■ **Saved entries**
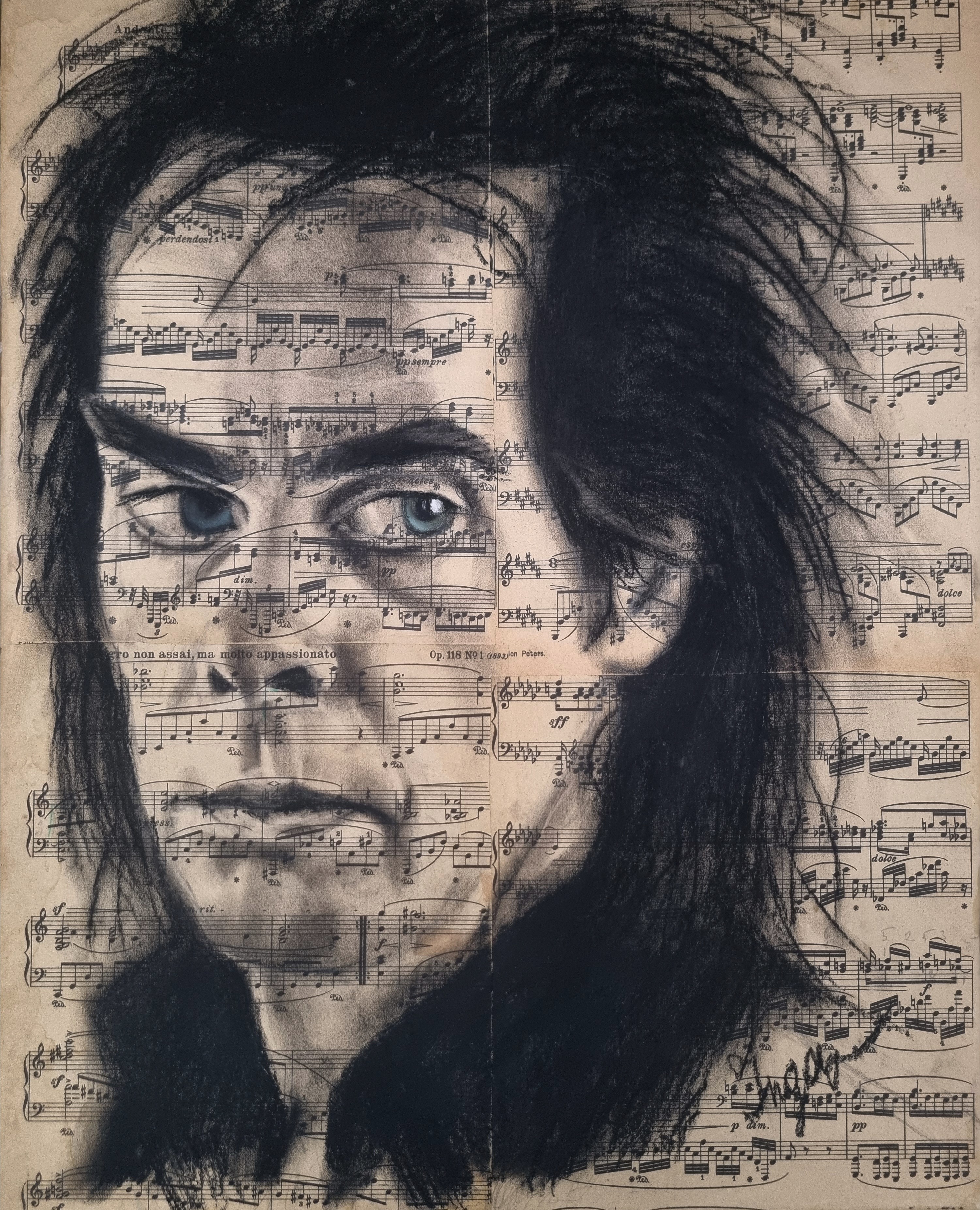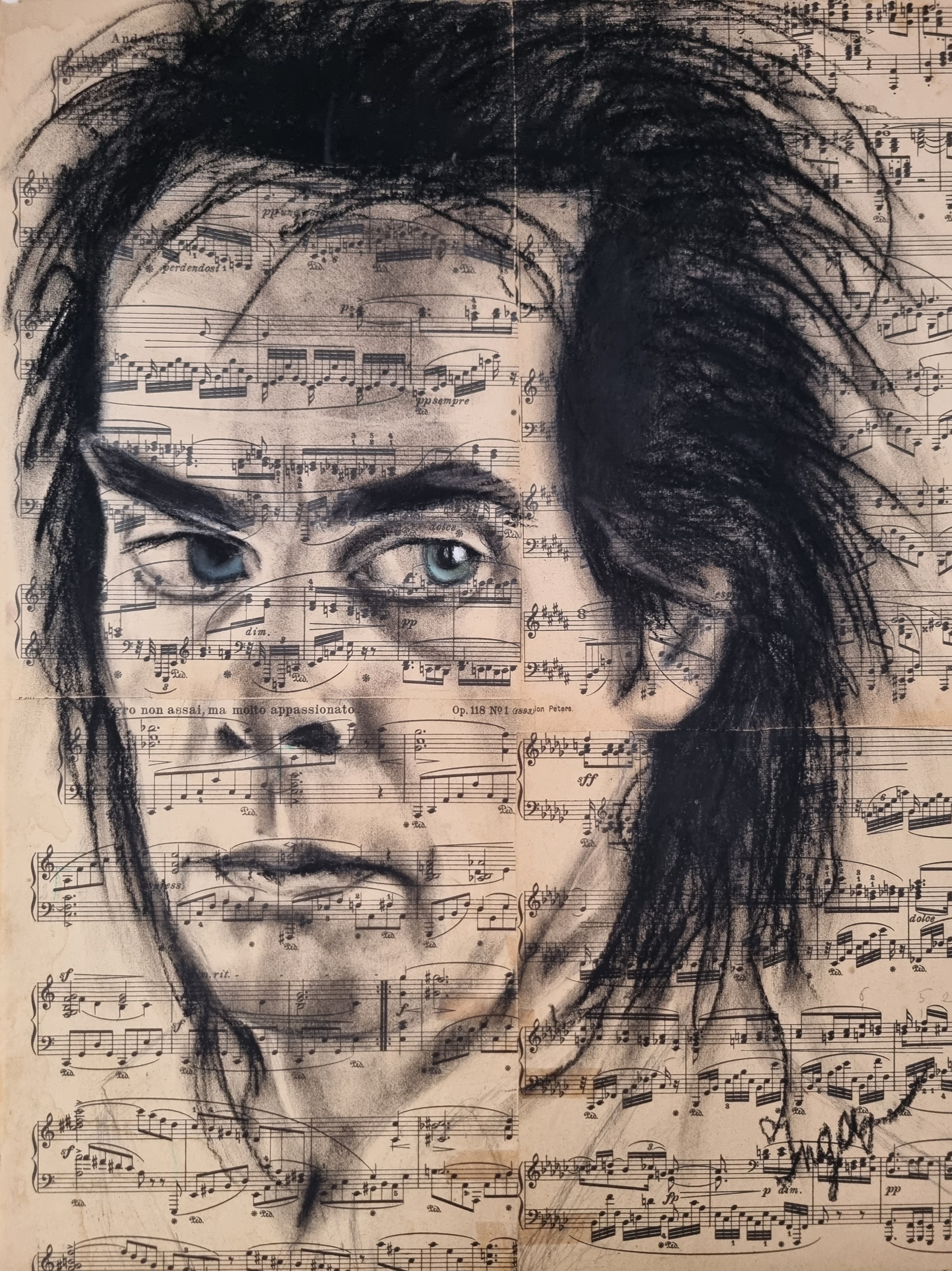 Pastel op bladzijden uit een muziekboek, aangebracht op doek op spieraam
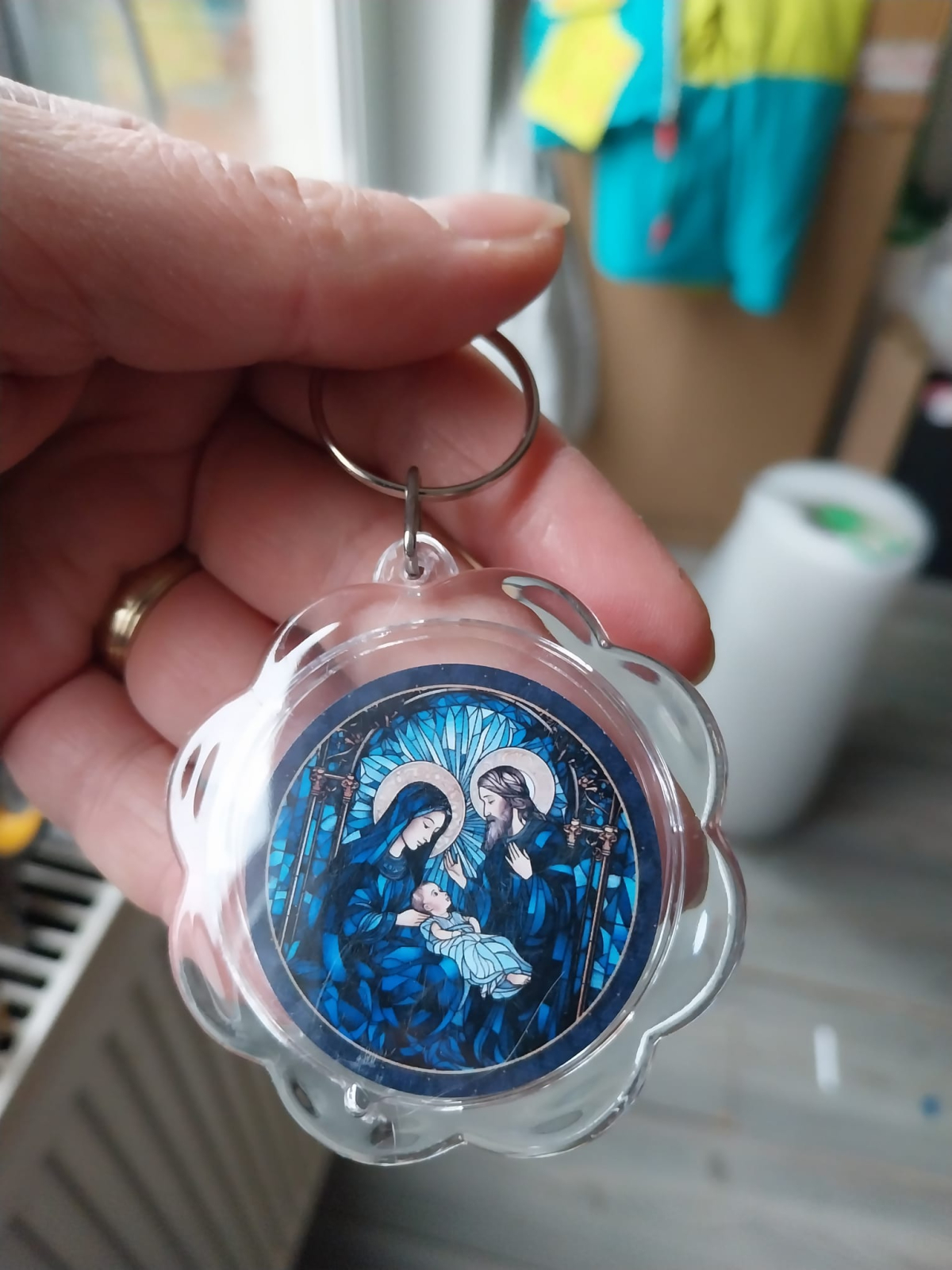 Asamblarea brelocului inseamna sa puneti fotografia rotunda cu Maica Domnului in breloc. (Brelocul este prevazut cu un geam (ca o ușa) care se deschide pentru a se putea introduce fotografia. In cazul in care nu veti opta pentru asamblare, veti primi produsele kit. (brelocurile de chei, separat, icoana foto separat, un singur produs va fi asamblat de model si restul le veti asambla dvs.
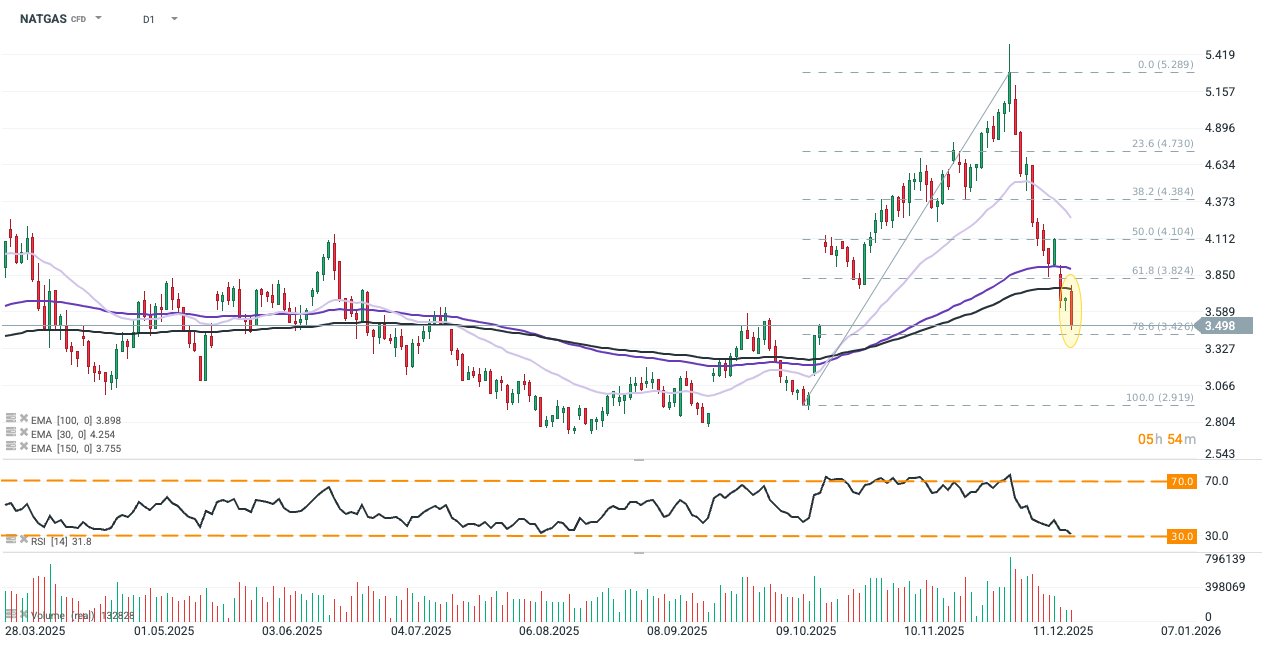 Natural gas futures on NYMEX are plunging by around 5.5% in response to record-high production and warmer weather forecasts in the United States. NATGAS has fallen roughly 28% since the beginning of the month, with this dual pressure accelerating the return of prices to early-autumn levels.
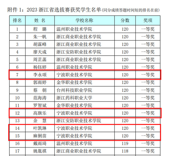 此次比赛全省共计40所院校参赛,报名人数达16709人,参赛人数11739人,相比2022年参赛人数翻了一番,竞争更加激烈。图书馆组织学生参加此次选拔赛,我校共有九百余名学生参与。赛前,指导老师贡金涛、杨春平、周燕通过线下一对多辅导、QQ群线上答疑、线下培训讲座等方式进行辅导,同学们经过多日的备赛,沉着应对,认真比赛。最终,经过三天的角逐,我校7名学生冲进全省前100名,李永颂、叶凯琳、高旗乐、麻俐苗获得一等奖,王旭、金娇娇、罗榆获得二等奖,其中,李永颂、叶凯琳两位同学在众多学生中脱颖而出,晋级全国赛初赛。同时校内评选出本次积极参与组织的同学20余名。
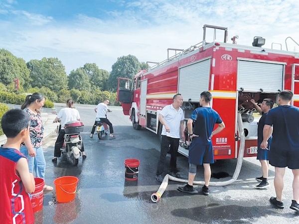 近日,竹溪縣水坪鎮(zhèn)二高山地區(qū)多個行政村群眾飲用水告急,該鎮(zhèn)黨委政府迅速聯(lián)系縣消防大隊,協(xié)調安排消防車到缺水的村莊,給村民送去飲用水,緩解用水之急。
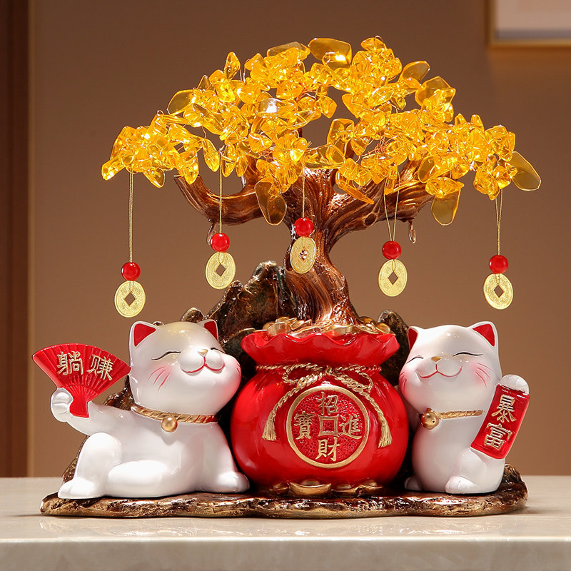 发财树招财猫摆件收银台开业礼物客厅电视酒柜装饰品结婚乔迁礼品
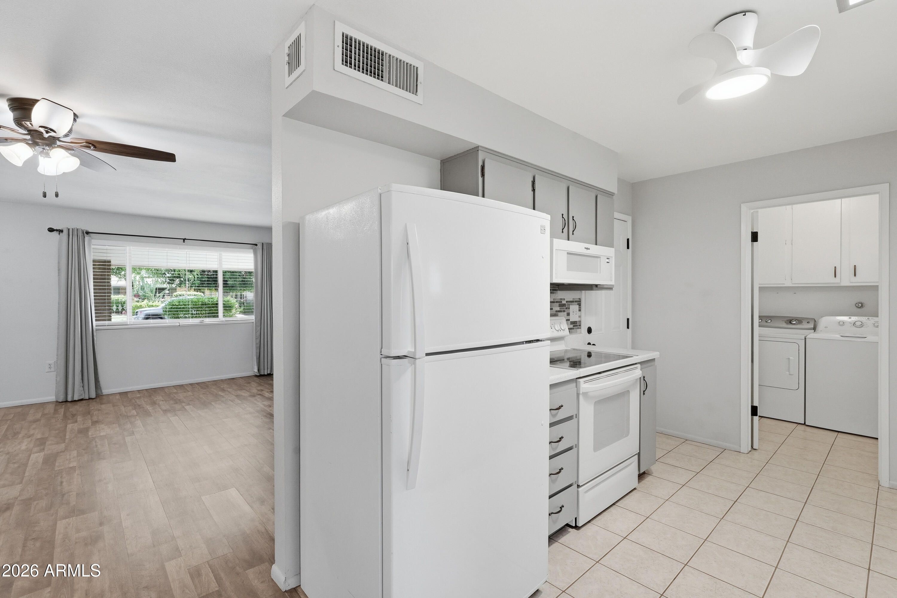 - Dryer, Washer, Water Softener Owned, Reverse Osmosis, Refrigerator, Built-in Microwave, Dishwasher, Disposal, Electric Range

■ **TASK BRIEF**
Your answer must be the entries repeated exactly, with no pictures.

■ **REPLY TO THE EXERCISE**
 Pastel op bladzijden uit een muziekboek, aangebracht op doek op spieraam
 Asamblarea brelocului inseamna sa puneti fotografia rotunda cu Maica Domnului in breloc. (Brelocul este prevazut cu un geam (ca o ușa) care se deschide pentru a se putea introduce fotografia. In cazul in care nu veti opta pentru asamblare, veti primi produsele kit. (brelocurile de chei, separat, icoana foto separat, un singur produs va fi asamblat de model si restul le veti asambla dvs.
 Natural gas futures on NYMEX are plunging by around 5.5% in response to record-high production and warmer weather forecasts in the United States. NATGAS has fallen roughly 28% since the beginning of the month, with this dual pressure accelerating the return of prices to early-autumn levels.
 此次比赛全省共计40所院校参赛,报名人数达16709人,参赛人数11739人,相比2022年参赛人数翻了一番,竞争更加激烈。图书馆组织学生参加此次选拔赛,我校共有九百余名学生参与。赛前,指导老师贡金涛、杨春平、周燕通过线下一对多辅导、QQ群线上答疑、线下培训讲座等方式进行辅导,同学们经过多日的备赛,沉着应对,认真比赛。最终,经过三天的角逐,我校7名学生冲进全省前100名,李永颂、叶凯琳、高旗乐、麻俐苗获得一等奖,王旭、金娇娇、罗榆获得二等奖,其中,李永颂、叶凯琳两位同学在众多学生中脱颖而出,晋级全国赛初赛。同时校内评选出本次积极参与组织的同学20余名。
 近日,竹溪縣水坪鎮(zhèn)二高山地區(qū)多個行政村群眾飲用水告急,該鎮(zhèn)黨委政府迅速聯(lián)系縣消防大隊,協(xié)調安排消防車到缺水的村莊,給村民送去飲用水,緩解用水之急。
 发财树招财猫摆件收银台开业礼物客厅电视酒柜装饰品结婚乔迁礼品
 - Dryer, Washer, Water Softener Owned, Reverse Osmosis, Refrigerator, Built-in Microwave, Dishwasher, Disposal, Electric Range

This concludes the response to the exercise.